Reproduce exactly the final portion of the data: every line from the one containing "Hinterwälder Kuh und Bulle im schweren Zug" through the last line, inclusive.

-.-.-

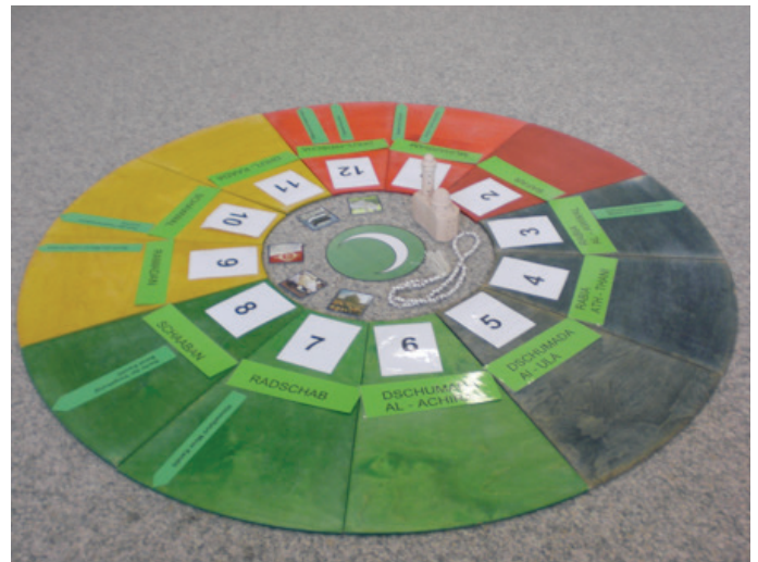
Beispiel Jahreskreis Islam
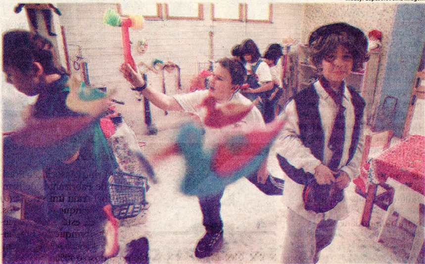
Crianças brincam na Brinquedoteca Indianópolis, que recebe grupos de crianças
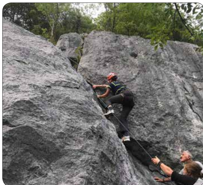
Poskus lomljenja skale

Vedno nasmejani in energični inštruktorji hostla so nam pomagali, da smo se uspešno stlačili v neoprenasta oblačila, rešilne jopiče in čelade. Vesla v roke in pogumno, sprva po jezeru in nato po Savi Bohinjki navzdol. Deležni smo bili natančnih navodil, kako in kaj, a smo kljub temu nekateri pogosto odtavali kar po svoje. Prava akcija se je pričela, ko smo zapustili jezero in se spustili po reki, po brzicah. Nekateri je sprva razžiral dvom in strah. Je strmo? Mogoče preveč deroče? Bom zmoget? Dokler ne poskusiš, ne boš nikoli izvedel. Ko smo drveli po prvih brzicah, imeli vodne »vojne« in skakali z več metrov visokega klifa v globok tolmun, smo pozabili na strah, dvome in nezaupanje. Vse to je splavalo naprej po vodi, vse do Črnega morja. Medtem ko je ena skupina preskušala meje svojih sposobnosti, je druga na plaži testirala kajake, kanuje in SUP-e. Nekateri pa so preprosto plavali ali se sončili na brisači. Karkoli te osrečuje. Adrenalin iz brzic in tolmunov smo uspešno prenesli na steno. Trdno smo pripeli varnostne pasove, nataknili čelade, zategnili vezalke in se spoprijeli z razpokami, previsi in vdolbinami. Nekateri vse do vrha, drugi par metrov, a vsi zagotovo zmagovalci.
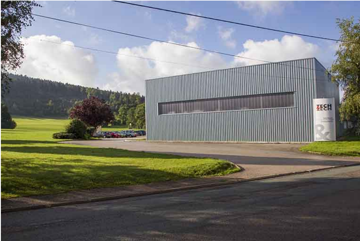
Entrée du site, au nord.
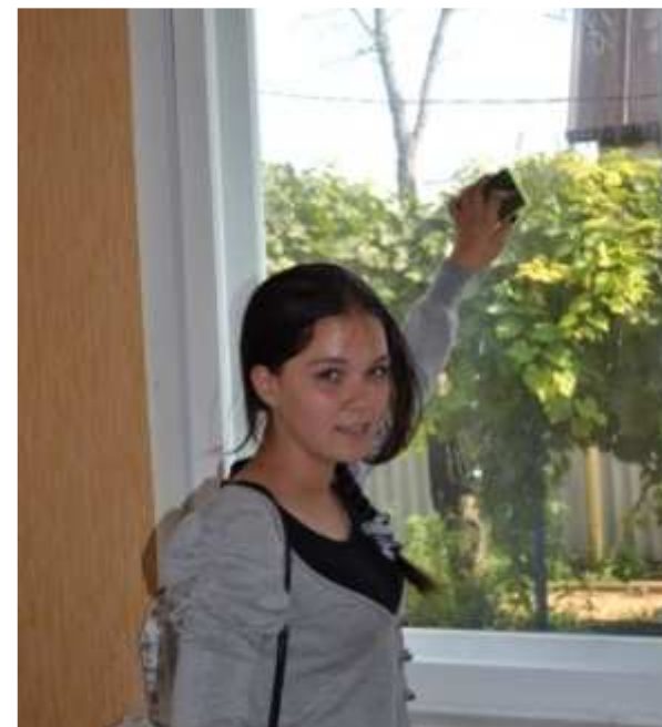
Дом молодежи обустроиваем сами!
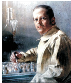
Boldog Batthyány-Strattmann László (1870–1931)
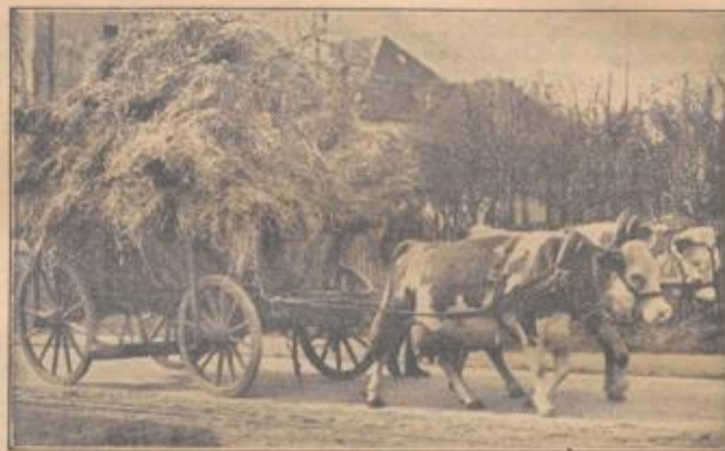
Hinterwälder Kuh und Bulle im schweren Zug

Diese angeführten Zahlen und Beispiele sollen darlegen, daß eine gute Veranlagung für hohe Milchleistung hier vorliegen mußte und durch entsprechende Fütterung und Haltung voll zur Entwicklung gelangte. Auch die anderen hier aufgestellten Hinterwälder zeigen sich in gleicher Weise sehr dank-

-.-.-

TASK SOLUTION ::
Hinterwälder Kuh und Bulle im schweren Zug

Diese angeführten Zahlen und Beispiele sollen darlegen, daß eine gute Veranlagung für hohe Milchleistung hier vorliegen mußte und durch entsprechende Fütterung und Haltung voll zur Entwicklung gelangte. Auch die anderen hier aufgestellten Hinterwälder zeigen sich in gleicher Weise sehr dank-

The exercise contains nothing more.